Chiunque abbia provato a usare uno smartphone con le unghie lunghe sa quanto possa essere frustrante. Quel gesto naturale di toccare lo schermo con la punta delle dita diventa un piccolo esercizio di contorsionismo, inclinando la mano in modi improbabili pur di far registrare il tocco. Ecco perché fa notizia il lavoro di un gruppo di ricercatori che sta sviluppando uno smalto trasparente conduttivo capace di trasformare le unghie in veri e propri pennini per touchscreen. Il progetto arriva dal Centenary College of Louisiana ed è stato presentato al meeting primaverile dell’American Chemical Society, a marzo 2026.
L’idea è nata quasi per caso. Manasi Desai, studentessa universitaria con una passione per la chimica cosmetica, cercava un progetto di ricerca da portare avanti con il suo relatore Joshua Lawrence, chimico organometallico. Insieme hanno iniziato a osservare i piccoli problemi quotidiani che la chimica potrebbe risolvere, e si sono imbattuti in una difficoltà che riguarda milioni di persone: l’impossibilità di interagire con gli schermi capacitivi usando le unghie. La conferma che serviva davvero una soluzione è arrivata durante un banale prelievo del sangue, quando una flebotomista ha risposto con entusiasmo alla domanda se uno smalto del genere sarebbe stato utile.

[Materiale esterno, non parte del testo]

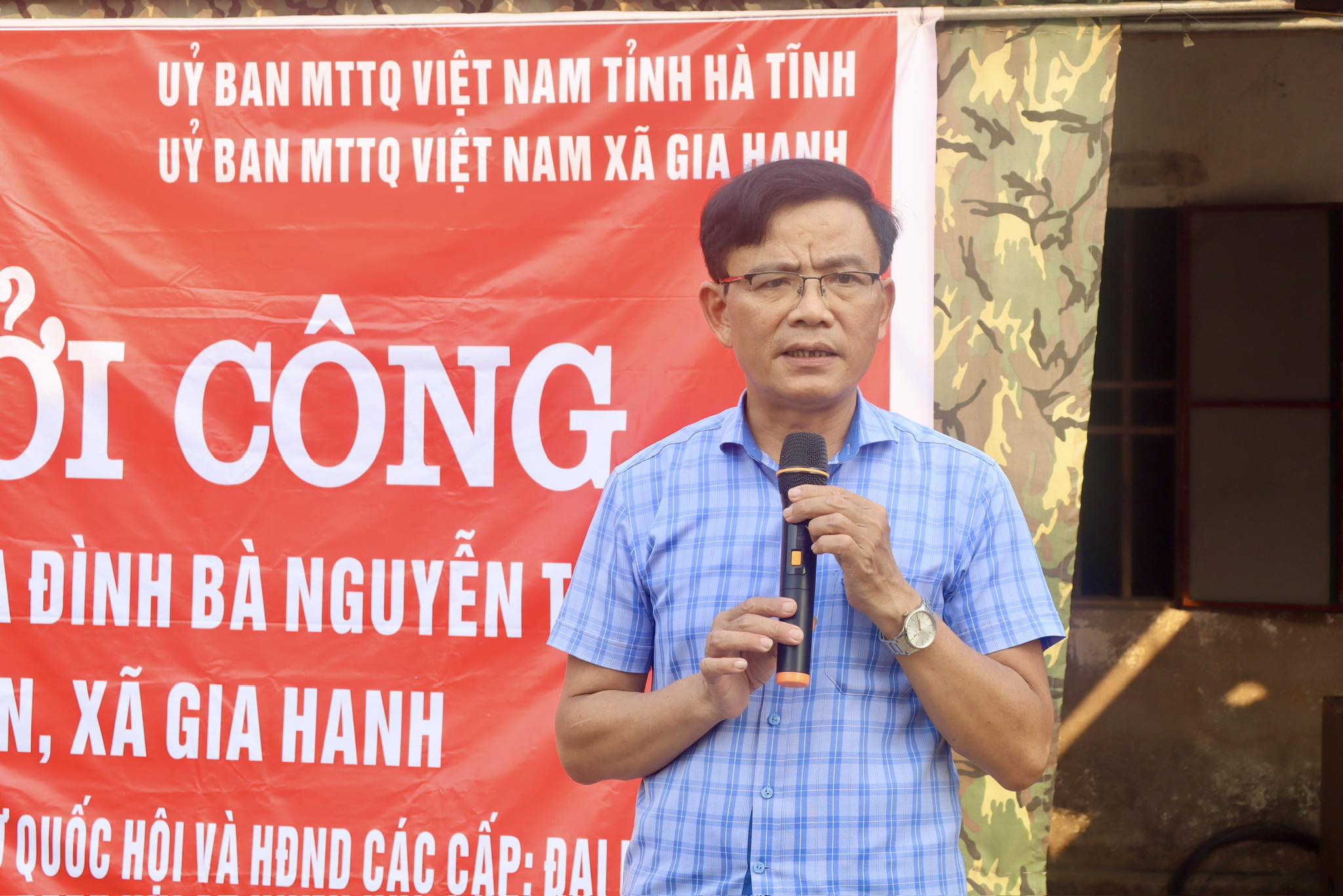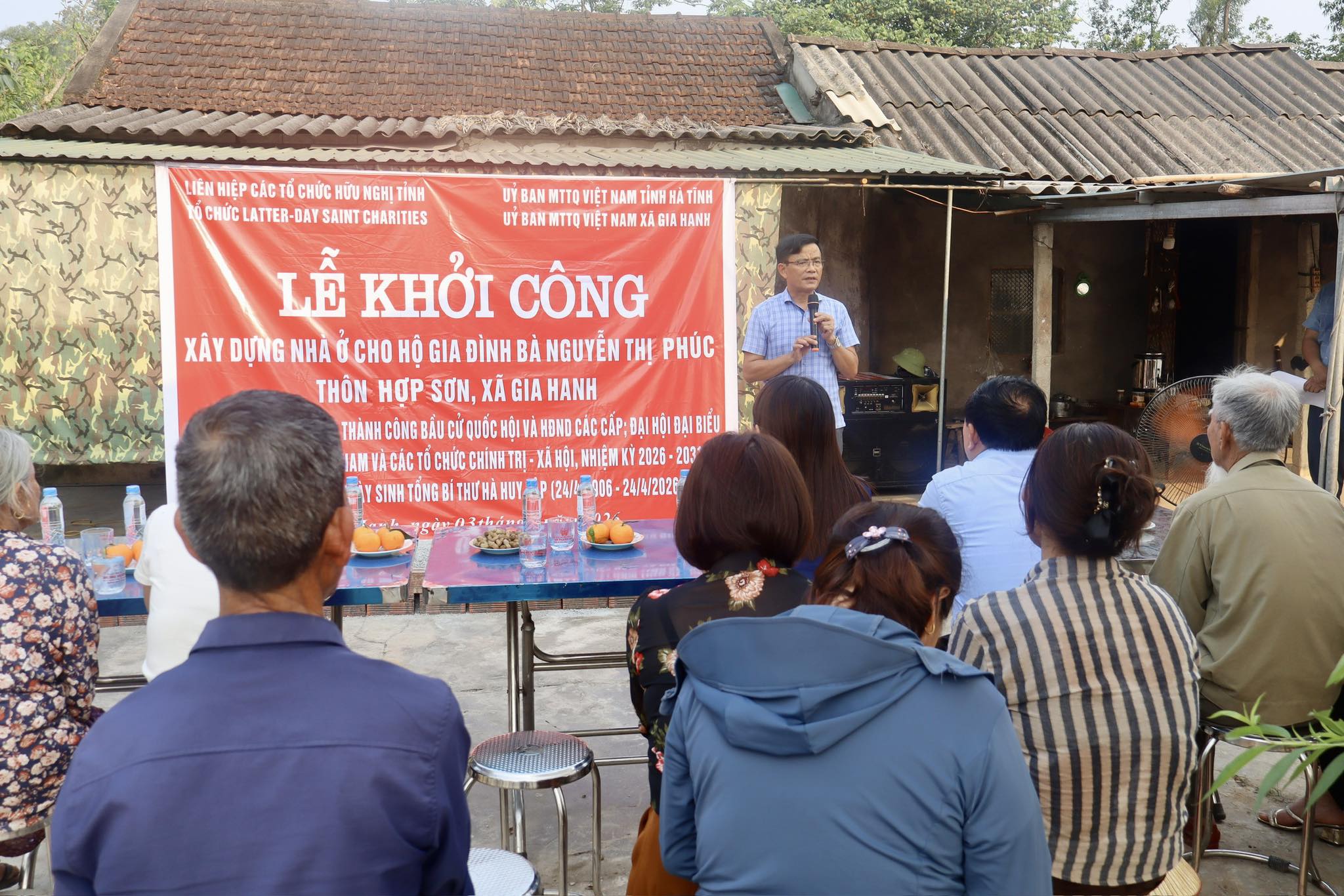 Phát biểu tại lễ khởi công, đồng chí Bùi Văn Sơn - Bí thư Đảng uỷ, Chủ tịch HĐND xã chia sẻ với hoàn cảnh khó khăn của gia đình đồng thời tin tưởng, bằng sự vượt khó của bản thân, sự giúp đỡ của các tổ chức, cá nhân, gia đình bà Nguyễn Thị Phúc sẽ vượt qua khó khăn, an cư lạc nghiệp trong ngôi nhà mới.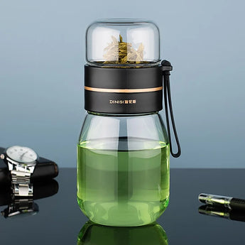Gourde infuseur en verre — infusion fraîche ou chaude où que vous soyez. Compacte, filtre intégré, goût préservé. Emmenez votre thé partout, prêt en 5 min.

Perché gli schermi non rispondono alle unghie
La maggior parte dei dispositivi moderni utilizza schermi capacitivi. Funzionano generando un piccolo campo elettrico sulla superficie: quando un materiale conduttivo, come la pelle del polpastrello o persino una goccia d’acqua, entra in contatto con quel campo, ne altera la capacitanza. Il dispositivo rileva quella variazione e la interpreta come un tocco. Le unghie, però, non sono conduttive. Esattamente come la gomma di una matita, non modificano il campo elettrico e quindi lo schermo le ignora del tutto. Per farle funzionare, bisogna trovare il modo di renderle capaci di trasportare una piccola carica elettrica.
Tentativi precedenti avevano provato ad aggiungere allo smalto materiali conduttivi come nanotubi di carbonio o particelle metalliche. Funzionavano, certo, ma con due problemi enormi: erano potenzialmente pericolosi se inalati durante la produzione, e producevano finiture scure o metalliche, limitando parecchio le opzioni estetiche.
La formula a base di taurina ed etanolammina
Desai ha testato oltre 50 additivi diversi combinati con 13 basi trasparenti disponibili in commercio. Dopo un lungo lavoro di tentativi ed errori, due ingredienti si sono rivelati promettenti: forme di taurina, un composto organico venduto comunemente come integratore alimentare, e l’etanolammina, un’altra molecola organica piuttosto semplice. L’etanolammina garantiva la conduttività necessaria ma presenta qualche problema di tossicità. La taurina modificata, al contrario, è atossica ma rende lo smalto leggermente opaco. Usate insieme, queste due sostanze hanno prodotto una formula che ha permesso a uno smartphone di registrare il tocco di un’unghia: un primo successo significativo.
Il meccanismo alla base sarebbe diverso dai precedenti approcci. Invece di affidarsi a materiali intrinsecamente conduttivi, lo smalto sfrutterebbe la chimica acido/base. Le miscele a base di etanolammina possono rilasciare protoni che facilitano il movimento della carica elettrica. Quando lo smalto interagisce con il campo elettrico dello schermo, questi protoni si spostano tra le molecole, creando una variazione di capacitanza sufficiente a far registrare il tocco.
La formula, però, non è ancora pronta per il mercato. Anche la versione migliore non funziona in modo costante una volta applicata sulle unghie. L’etanolammina evapora rapidamente e lo smalto resta efficace solo per poche ore dopo l’applicazione. Il team sta cercando un’alternativa completamente atossica e più stabile. Il gruppo di ricerca ha comunque depositato un brevetto provvisorio, finanziato dal Centenary College of Louisiana, dalla famiglia Albert Sklar e dalla cattedra Sklar in Chimica.